I'm sorry your life doesn't treat you well but I don't care about you any more. I have my own problems I don't need yours mixed in with mine. I feel bad you don't have a home to stay in for the longest of times but I'm over you and I'm over us.
I wish you would stop insulting me about my weight. You should take a look at yourself instead of placing imagery on others. I don't see you doing much exercise and I should be losing weight when I want to not when you tell me to. It's MY body NOT yours. It may be for health reasons but I'm not going to put myself through something just because you want to continue to insult me in order to make me lose weight.
I don't consider you family anymore. I want to disown you completely.
Stop trying to make me feel worthless. Every time you see me do something wrong you drop a bomb on me and he gets away with it because he's the baby of the family. He's a lost cause and you know it. Let the cops catch him and bring him to jail. I don't see your point in helping him. No one can save him and our family just isn't ever going to be whole.

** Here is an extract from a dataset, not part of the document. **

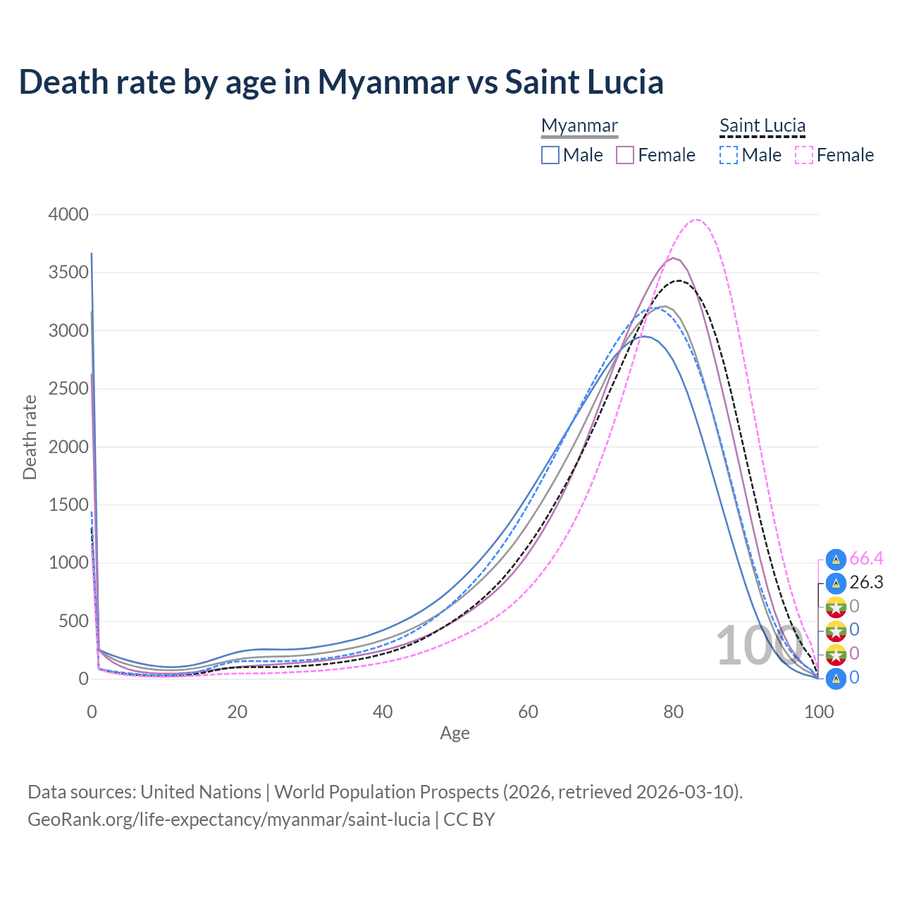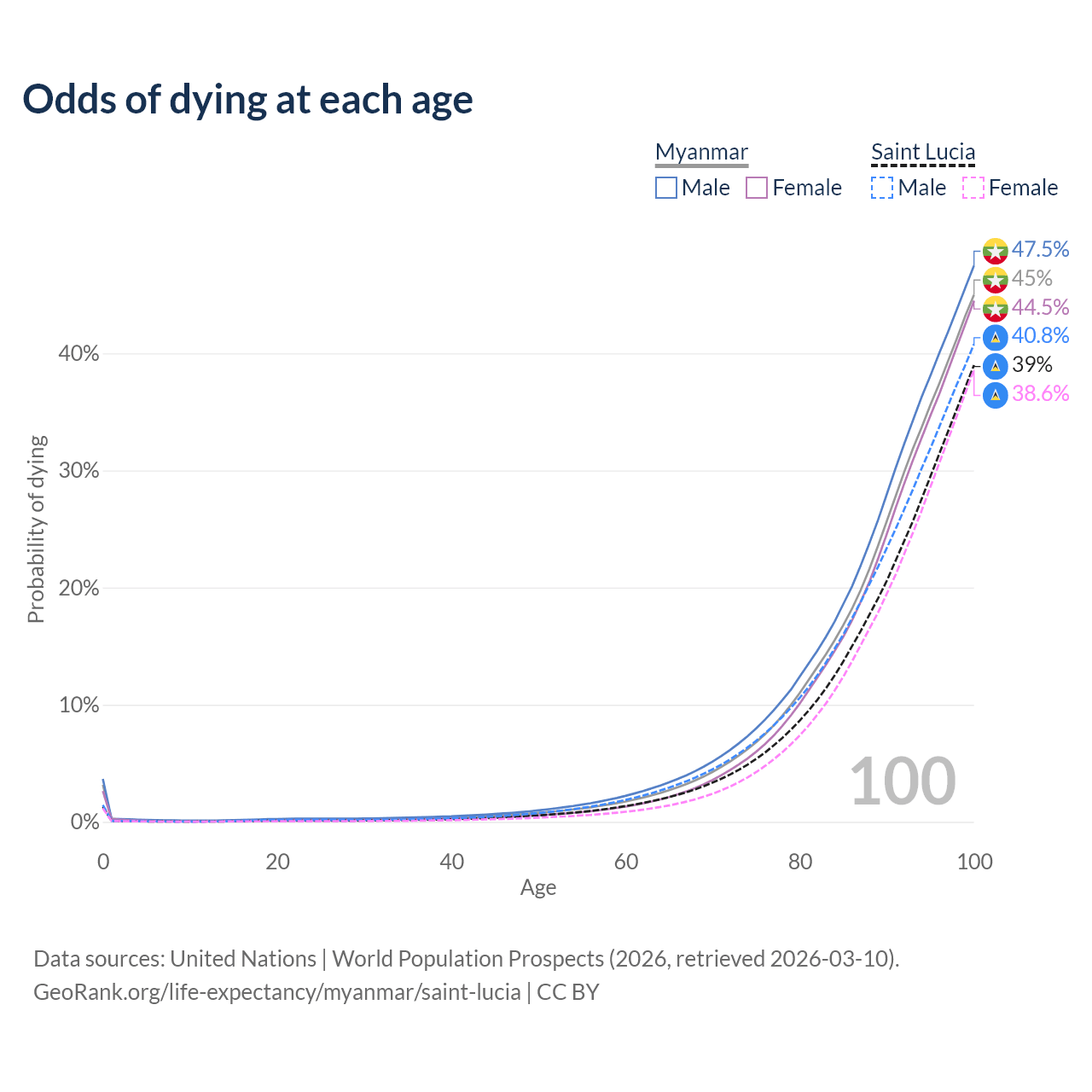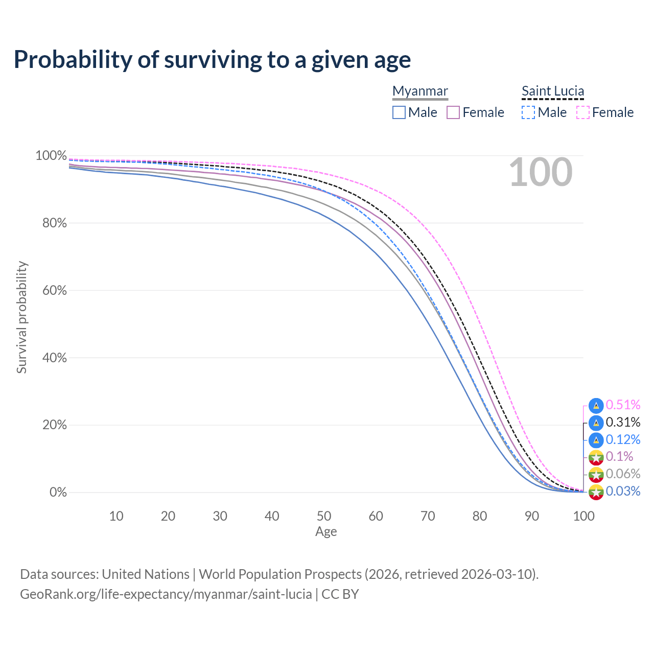 This life expectancy calculator shows the odds of living to 100, 95, 90, and below based on current age for both males and females in Myanmar and Saint Lucia, along with mean and median age of death. The calculations are based on the 2026 life tables (actuarial tables) from the UN World Population Prospects.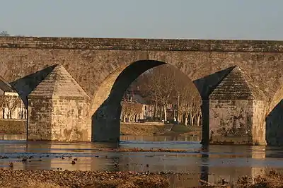 En France, parmi les ponts médiévaux les plus remarquables peuvent être mentionnés le pont Saint-Bénézet[22] à Avignon sur le Rhône (1177-1187)[22], l'ancien pont de Carcassonne[23] sur l'Aude (1180)[23], le Petit-Pont[24] à Paris sur la Seine (1186)[24], le pont Valentré[25] à Cahors sur le Lot (1231), le pont Saint-Martial[26] à Limoges sur la Vienne (1215)[26],[3].

I love him with all my heart so why can't you accept he won't leave me? You've seen all the times I had a boyfriend dump me for whatever reason but why won't you accept the fact he's different from the rest? Of course he makes mistakes. Doesn't everyone? I love him and he loves me. We want to have kids together when we get older. Now all I want to do is actually meet him in person. Hug him and cry. No one has ever made me feel happier in my life til now. Why can't you accept it?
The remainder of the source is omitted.